Red Deer city council trimmed the amount to be set aside for future capital projects on Friday.
The budget called for transferring $1.279 million to a fund that will be used to finance future projects so the city doesn’t have to borrow as much.
Coun. Tanya Handley proposed holding off on the transfer for a year to bring the tax rate increase down below one per cent for the 2017 city budget.
However, other councillors were reluctant to drop a capital savings plan contribution entirely. After much deliberation, council opted to transfer $1 million and leave the rest in the operating budget.
Handley supported that compromise.
Coun. Lynne Mulder said the long-term consequences of not putting aside the money outweighed the benefits of saving a few dollars on residents’ tax bills.
She remained opposed to reducing the amount.
“I just don’t think that’s strong leadership. I think it’s taking the easy way out.”
Coun. Paul Harris also didn’t like reducing the amount going to capital.

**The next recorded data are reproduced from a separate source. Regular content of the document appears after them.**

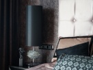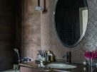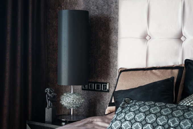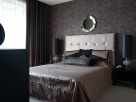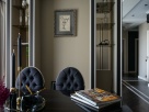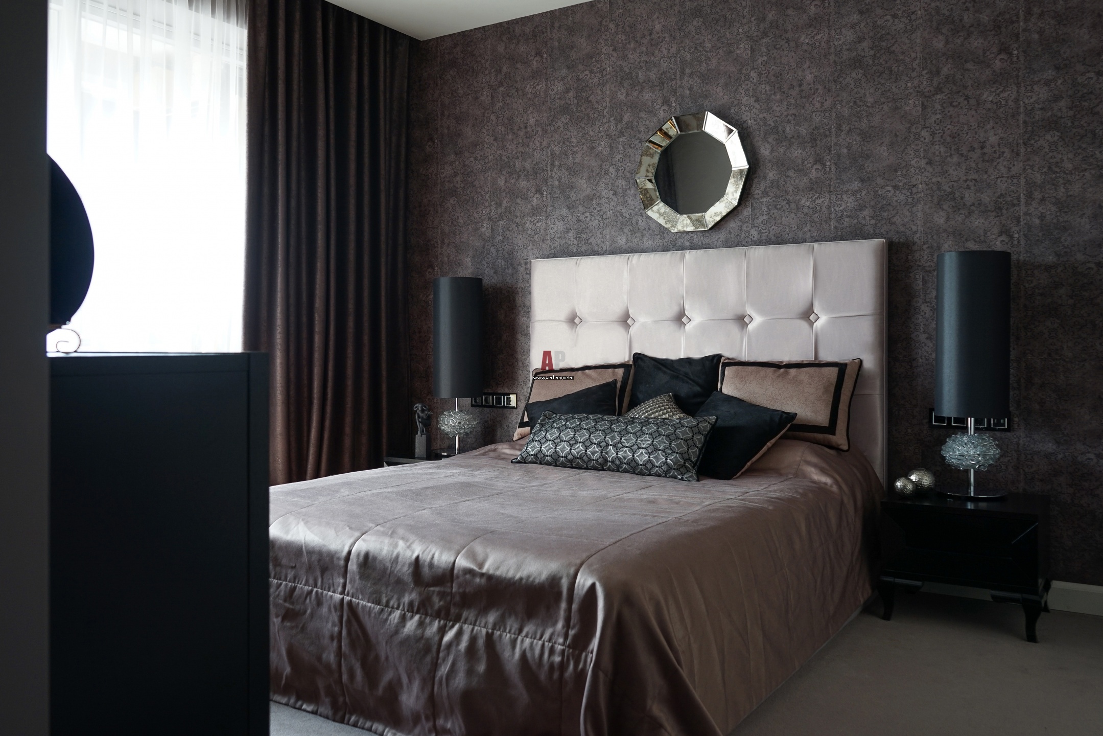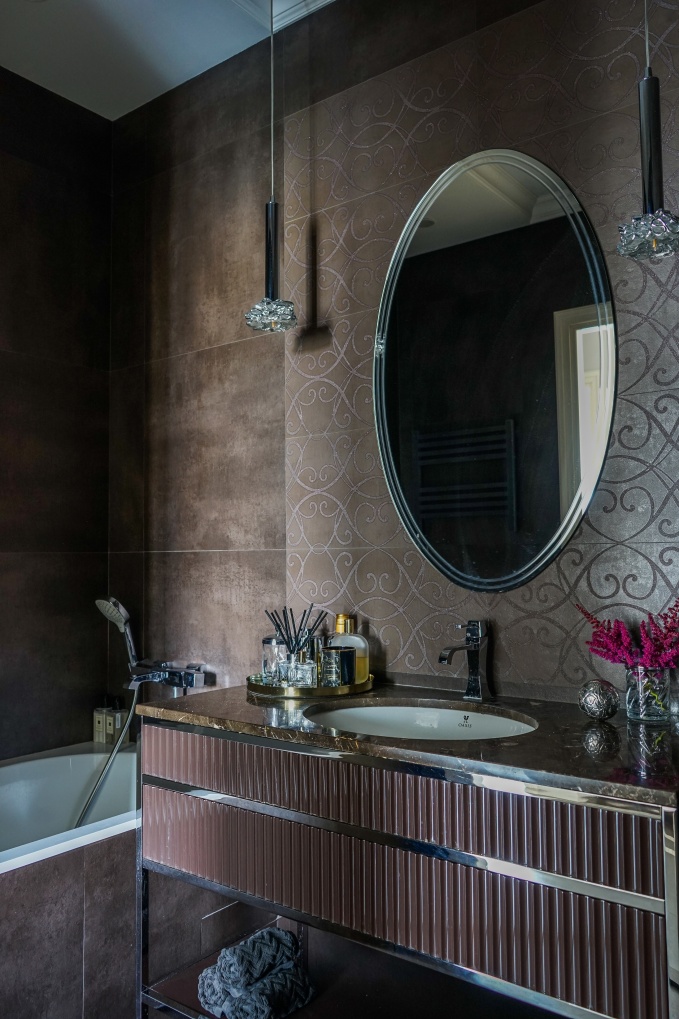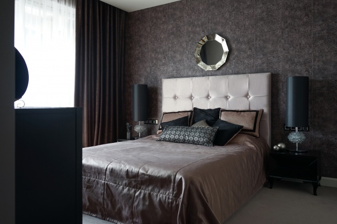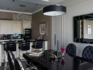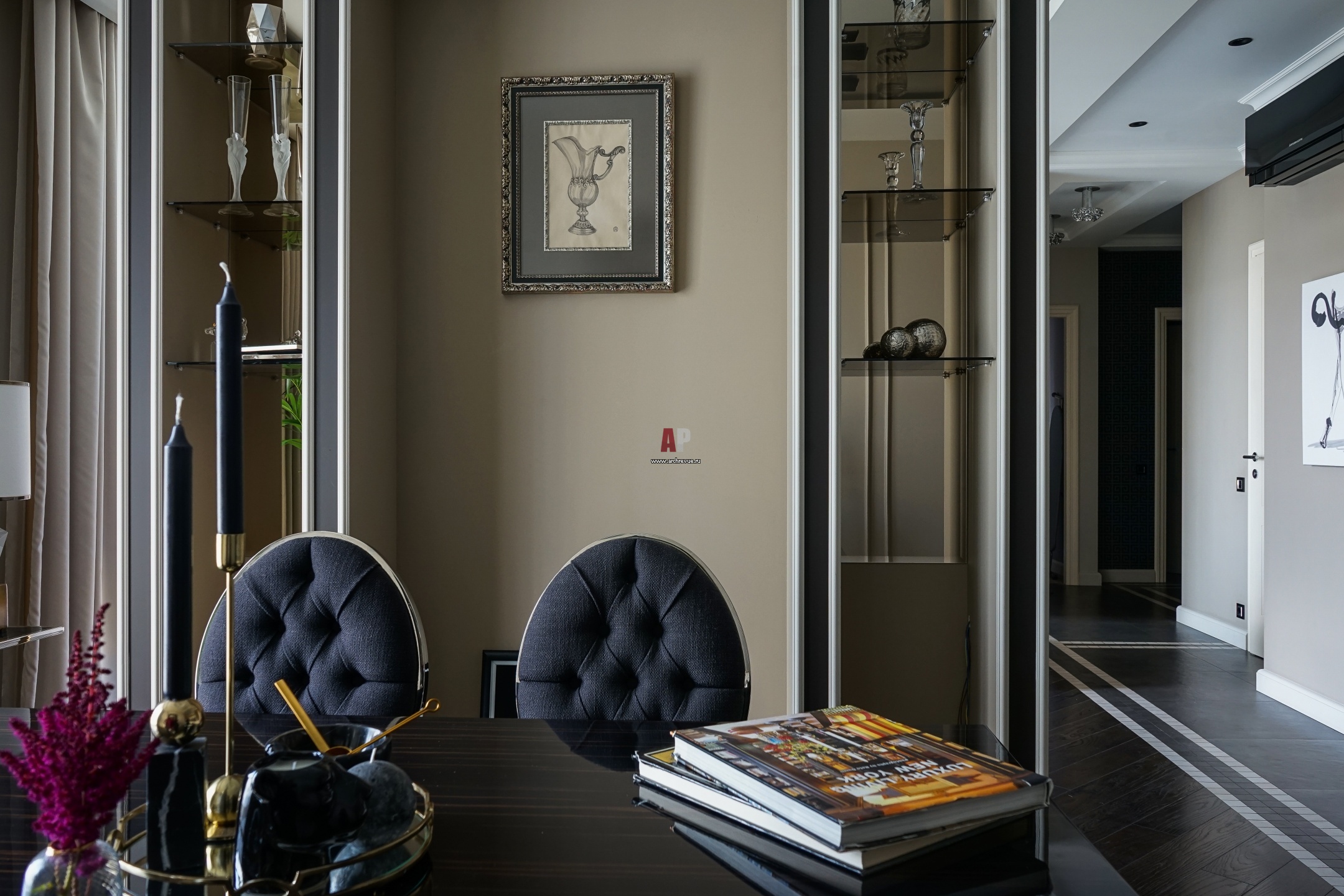 В интерьере ставка сделана на благородную темную гамму с оттенками кофе, сливок и шоколада. Лакированный стол, зеркала, обои, имитирующие старинную кожу с тиснением, хромированные аксессуары создают образ модного эстетского интерьера в центре мегаполиса.
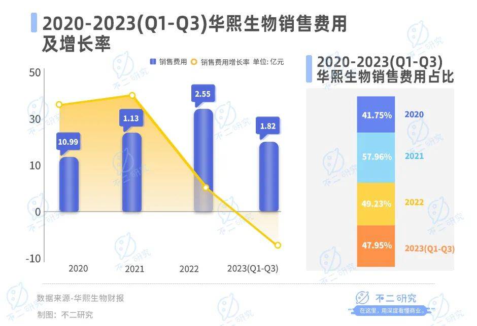 据华熙生物财报显示,其2020-2023年前三季度销售费用分别为10.99亿元、24.36亿元、30.49亿元、19.43亿元;分别同比增长110.84%、121.66%、25.16%、-36.27%;营收占比分别为41.75%、57.96%、49.23%、47.95%。
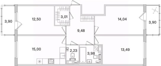 Площадь кухни15 м²
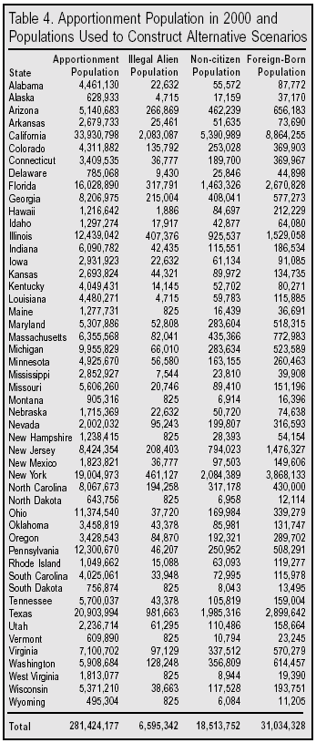 To estimate the impact of immigration on apportionment in 2000, three separate population scenarios are used. The first excludes the illegal alien population from each state’s Census count; the second excludes all non-citizens (illegal aliens, lawful permanent residents, and long-term temporary visitors); the third scenario excludes all of the foreign born, including naturalized U.S. citizens. In each case, once the target population was removed we then recalculated the distribution of House seats that would result. By doing so, we may then determine the impact of immigration on the size of each state’s delegation in the House of Representatives. Table 4 (p. 6) at the end of this report shows the apportionment population and the illegal, non-citizen, and total foreign-born populations by state in 2000.
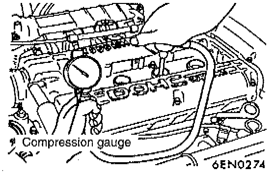 7. Crank the engine with the throttle valve fully open and measure the compression pressure.
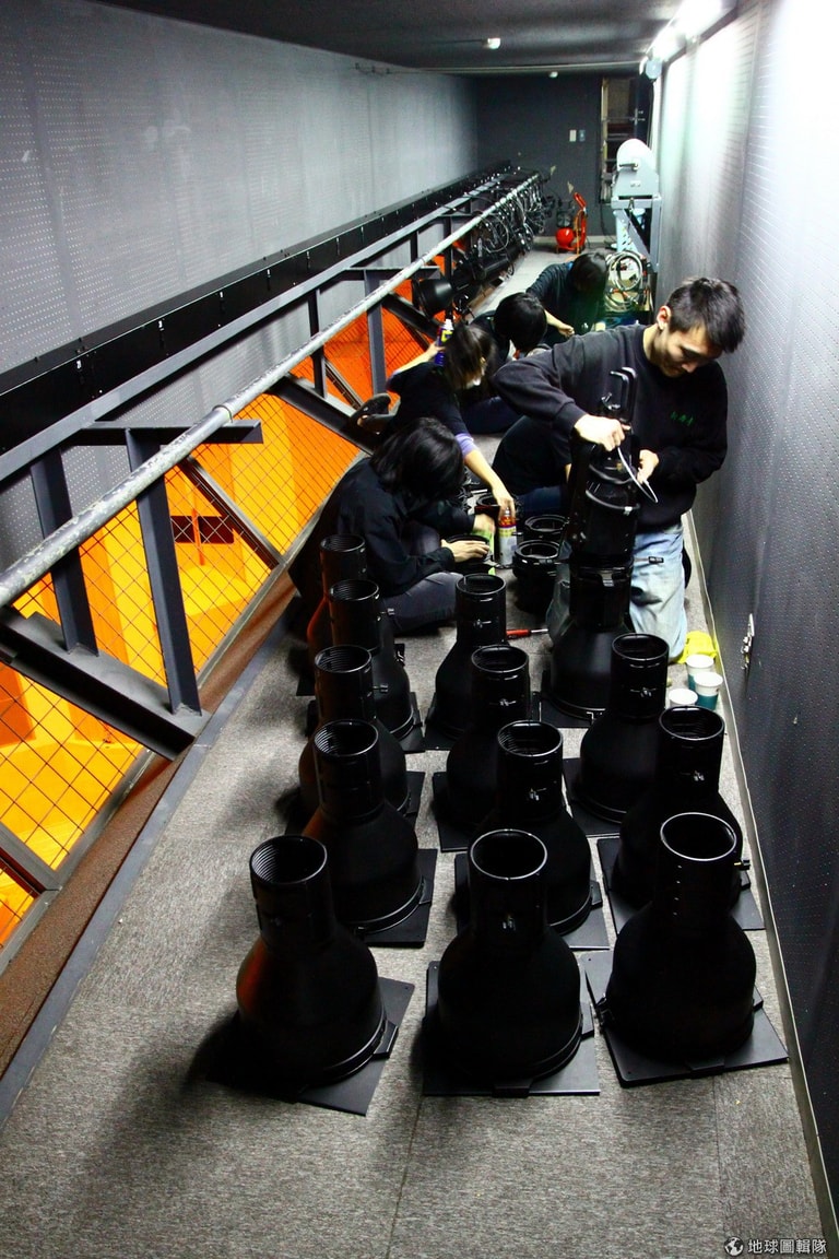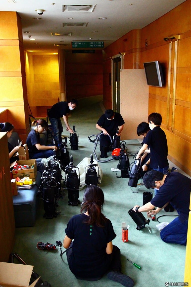 照片中是新舞臺助理,他們正在進行定期燈具保養。圖片來源:新舞臺提供

Not putting aside enough money for capital projects would leave a future council having to either raise the city’s debt limit, borrow money for longer terms, or take projects out of the capital plan.
He did not want to see a situation where future generations would be saddled with borrowing costs, preferring to see the city “pay as you go.”
Other council members suggested enough money was transferred to keep the capital plan strong. This year’s shortfall could be made up in future years after the economy has improved.
In other final budget day decisions:
•Council opted to provide $81,750 in 2017 and $27,250 in 2018 to Volunteer Central, an organization that recruits and trains volunteers for more than 100 local groups. Volunteer Central is waiting on provincial funding so the city will provide $109,000 in bridge funding to keep the doors open. When provincial money comes in, less city funding will be needed and will be returned. Council also agreed to pay off a $9,000 debt owed by Volunteer Central.
•The Red Deer Royals will be recognized as official ambassadors for the city. The organization approached the city last year for annual funding and official recognition as ambassadors. Instead, council approved a $250,000 contribution to a new fieldhouse, which will become the permanent home and practice field for the marching band.